The effect of prenatal hypoxia on brain development: short- and long-term consequences demonstrated in rodent models
Version of Record online: 6 JUN 2006
Volume 9, Issue 4, pages 338–349, July 2006
How to Cite
Golan, H. and Huleihel, M. (2006), The effect of prenatal hypoxia on brain development: short- and long-term consequences demonstrated in rodent models. Developmental Science, 9: 338–349. doi: 10.1111/j.1467-7687.2006.00498.x
- Issue online: 6 JUN 2006
- Version of Record online: 6 JUN 2006
Hypoxia (H) and hypoxia-ischemia (HI) are major causes of foetal brain damage with long-lasting behavioral implications. The effect of hypoxia has been widely studied in human and a variety of animal models. In the present review, we summarize the latest studies testing the behavioral outcomes following prenatal hypoxia/hypoxia-ischemia in rodent models. Delayed development of sensory and motor reflexes during the first postnatal month of rodent life was observed by various groups.
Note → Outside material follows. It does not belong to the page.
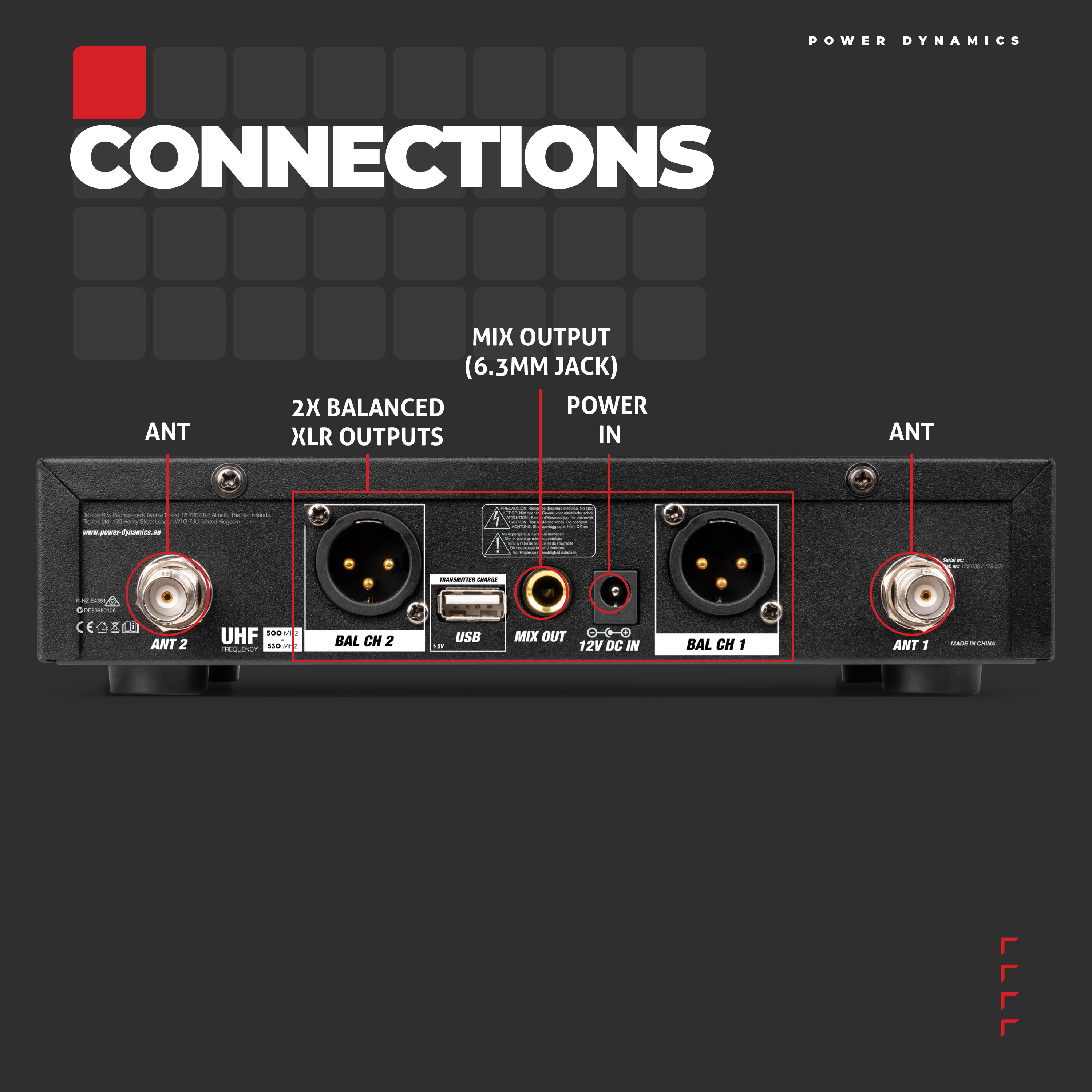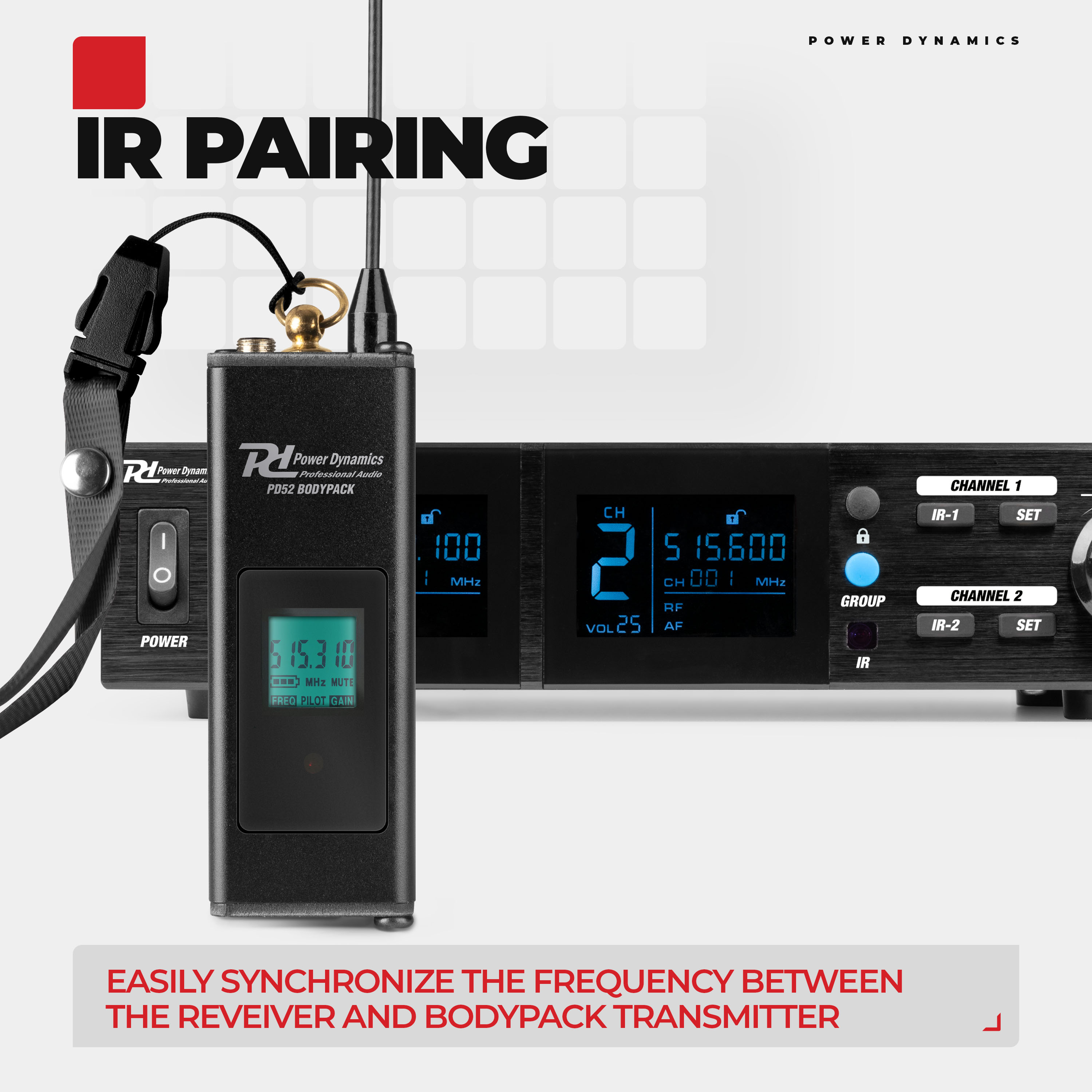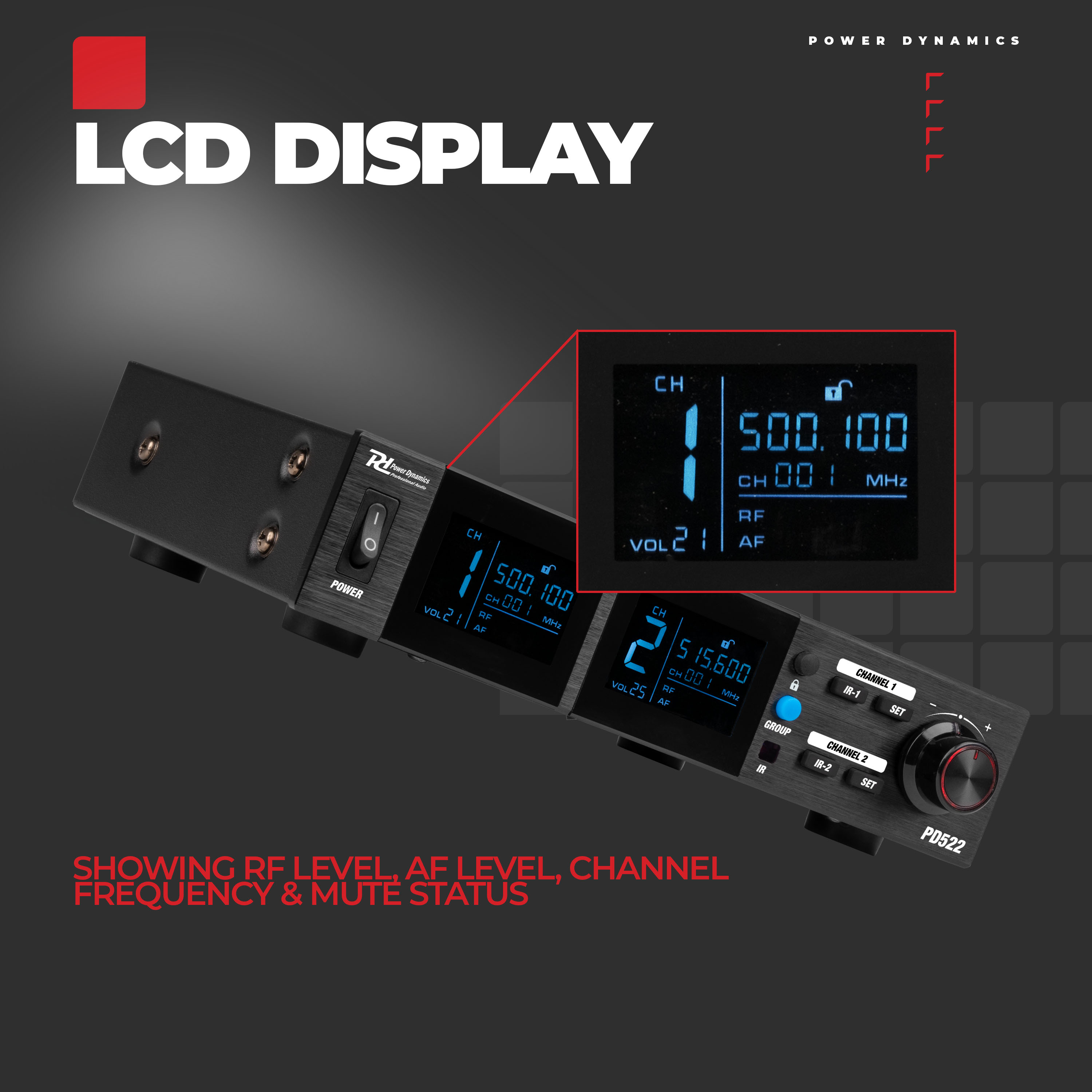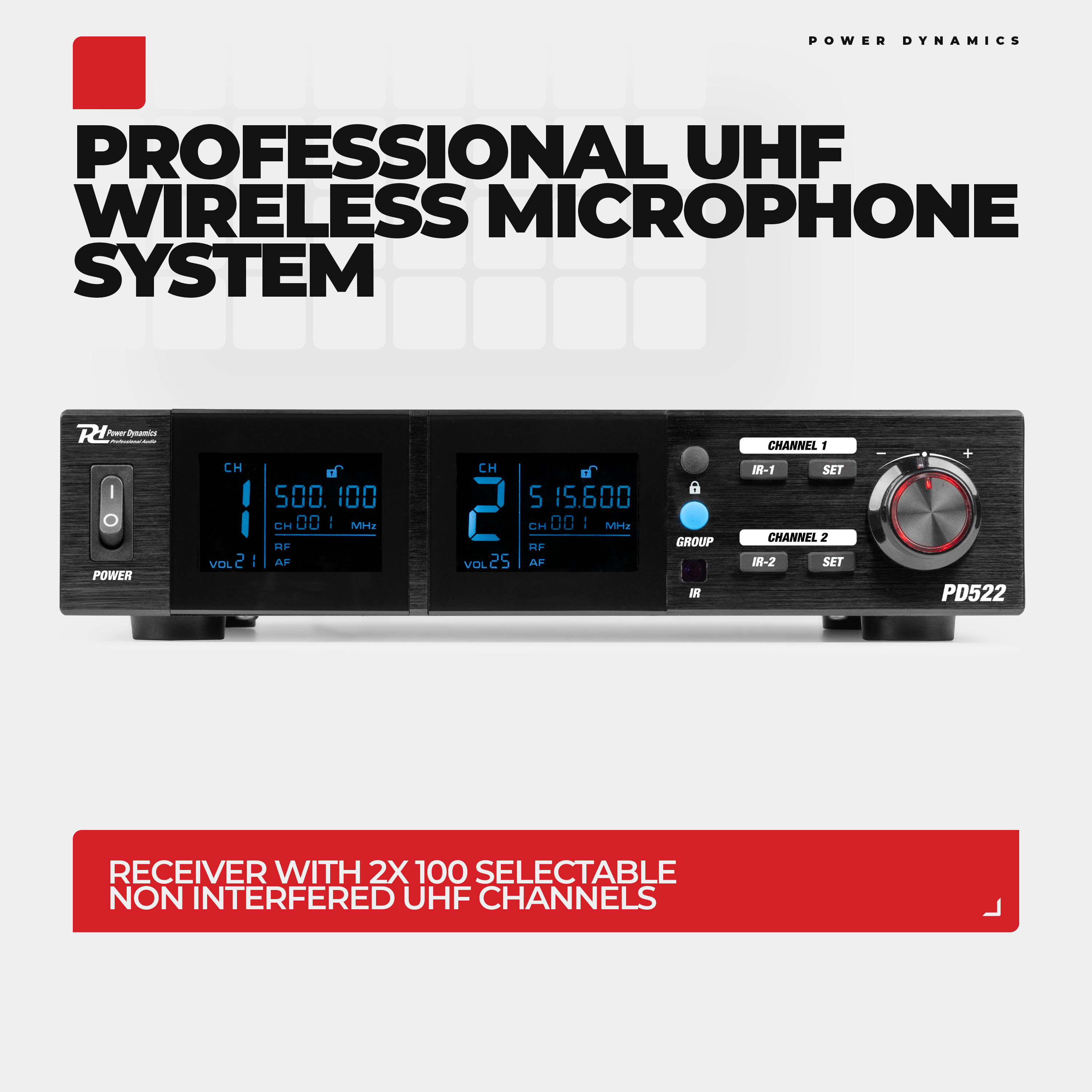 The PD522B is a professional wireless microphone system equipped with 2x 100 channels and is designed for larger performances or events. The receiver with clear dynamic LCD displays ensures interference free transmission, together with the high-quality squelch and the PLL synthesizer. The PD522B microphone system operates in the 500-530 MHz band and is suitable for vocals, presentations, training and other PA-applications.

Impairment of motor function, learning and memory was evident in the adult animals. Activation of the signaling leading to cell death was detected as early as three hours following H/HI. An increase in the counts of apoptotic cells appeared approximately three days after the insult and peaked about seven days later. Around 14–20 days following the H/HI, the amount of cell death observed in the tissue returned to its basal levels and cell loss was apparent in the brain tissue. The study of the molecular mechanism leading to brain damage in animal models following prenatal hypoxia adds valuable insight to our knowledge of the central events that account for the morphological and functional outcomes. This understanding provides the starting point for the development and improvement of efficient treatment and intervention strategies.